Lucien Stephen Crandall (May 4, 1844 – February 4, 1919) was an American inventor of typewriters, adding machines and electrical devices. Crandall gave his name to several typewriters, and he was also involved in the development of various machines, such as the project to produce the Hammond design at the Remington factory, or later the International typewriter.

==Early life==
Born in Portlerane, Broome County, New York, Crandall was a descendant on his mother's side of Joseph Warren. He served as a private for three years during the American Civil War, surviving twelve major battles without injury.

==Career==
In 1873, Crandall was employed as a salesman by James Densmore and George W. Yost of New York. Densmore and Yost had licensed Christopher Sholes and Carlos Glidden's patents and had established a contract with E. Remington and Sons to manufacture them. They gave Crandall the necessary tools and set him to work to perfect the typewriter. Crandall soon worked out an oscillating typebar which he obtained a patent for; this prints capital and lowercase characters by shifting the platen, and was later used in Remington typewriters.
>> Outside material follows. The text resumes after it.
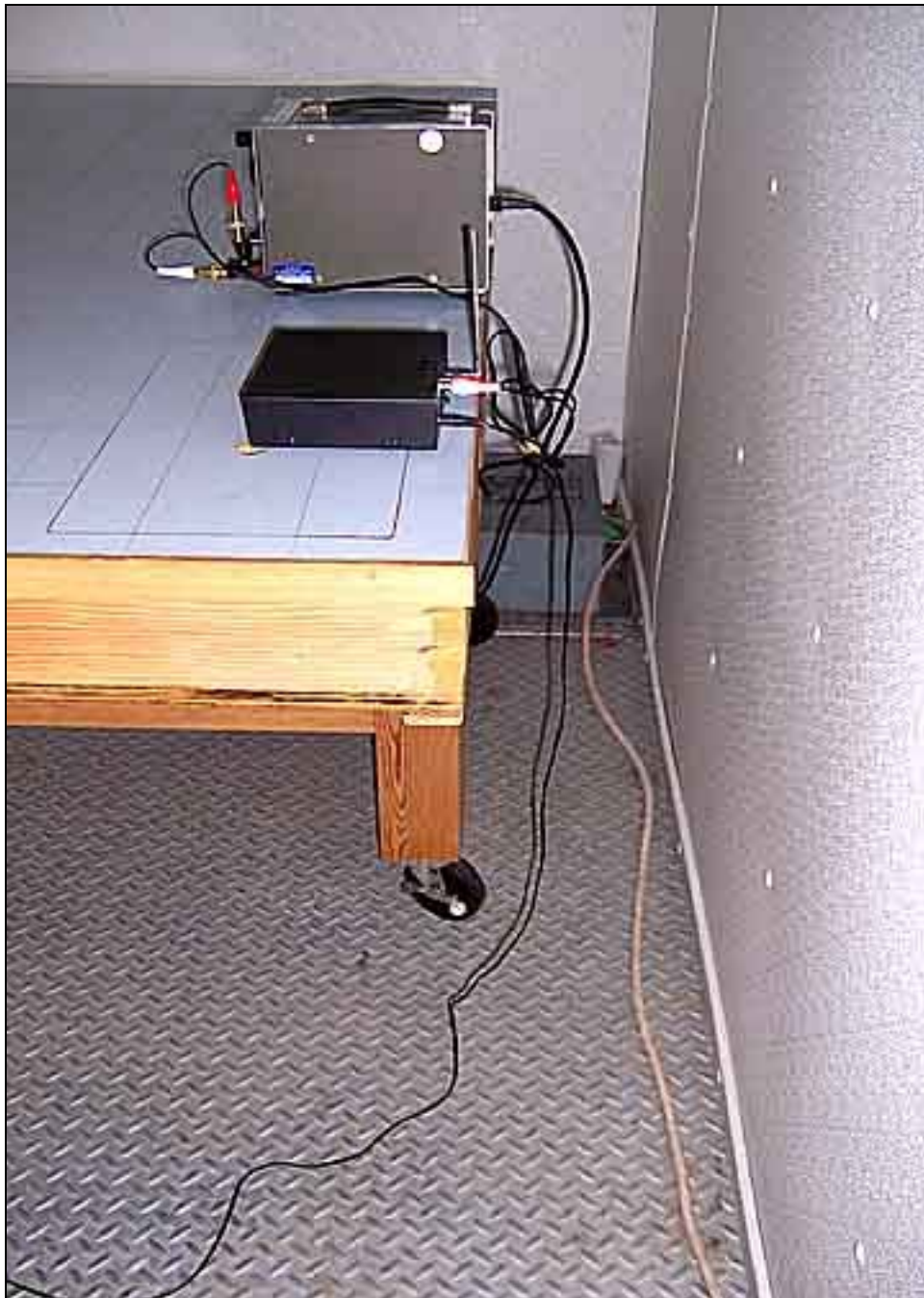
Mains Conducted Emissions - Side View

Crandall assigned half of his patent to Densmore and Yost. After leaving the company and inventing his own typewriter, he started negotiations with E. Remington and Sons for the sale of the other half of his patent. Densmore learned of this, and wrote a letter to Remington denouncing Crandall as a "liar, scoundrel, a dishonest and immoral man". Crandall then brought an action against Densmore for defamation of character, claiming $100,000 in damages, saying that the letter had caused his negotiations with Remington to fail. Densmore's defense was that the charges made in his letter were all true.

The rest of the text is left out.